To do its bit, each week, the R.O.L.E Foundation’s Public School Waste Management Program invites at least 20 children from three schools to the Zero Waste to Oceans Community Environment & Skill Center. “R.O.L.E. Foundation used to focus on massive clean ups on beaches. After several years of endless clean-ups, we realized that this was not enough and we needed to also focus on the root of the problem,” Rama says. “We believe that education is the key to solving the plastic waste problem. Children are much easier to teach about the dangers of plastic waste and how to prevent it.”

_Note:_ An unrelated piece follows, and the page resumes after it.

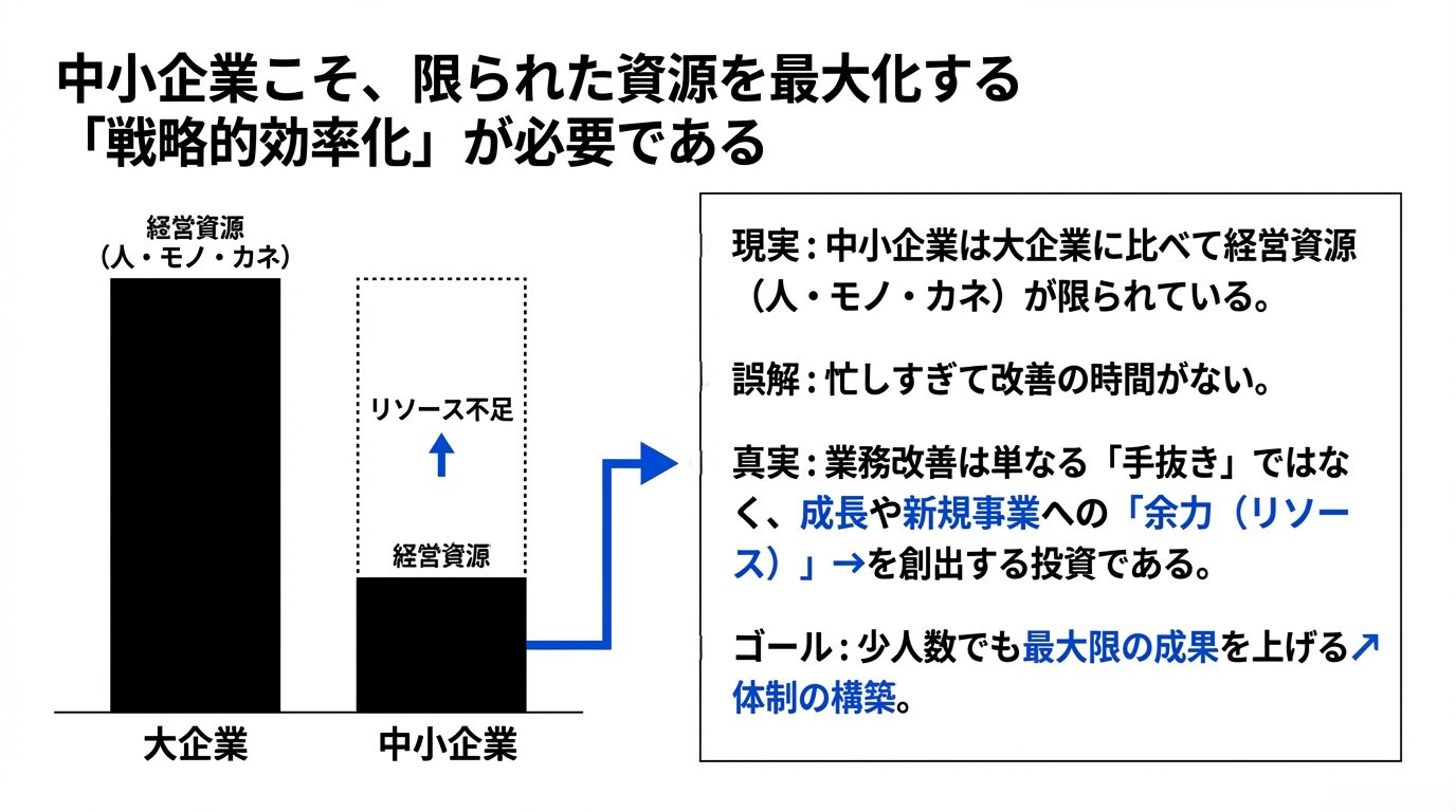 市場での競争が激しい中、業務改善によるコスト削減や顧客対応力の向上は、競合他社との差別化に直結します。 - 成長への準備

Each school that wished to participate in the program is assessed by an environmental educator sent by the R.O.L.E Foundation who determines how it can be best assisted. The students from each participating school are then invited to take part in workshops on topics such as waste separation, organic weaving, natural dyes, soap upcycling, sustainable business, marine life, composting, and sustainable agriculture. “After the workshops, we assess whether any changes have taken place at the schools. If the improvement is below our standard, we will invite the school for further workshops. All of this is free for Bali’s public school students, and includes school assessment, bus pickup, an eco passport and an upcycled bandana, as well as refreshments.”
Plastic pollution and poor waste management has a negative affect on public health, tourism and anybody who relies on the natural resources of the sea. While marine pollution is not an easy problem to solve, events such as the Zero Waste to Oceans Conference give hope that things can change for the better. Rama agrees. “I used to think that Bali’s oceans were beyond help, but after seeing that there are more and more people becoming aware of the waste management problem, I have gained more confidence that something can be done about it,” he says. “If everybody does their bit, no matter how small, a ripple can be turned into a wave. We want Bali to show the world that it is possible to make the world’s oceans clean.”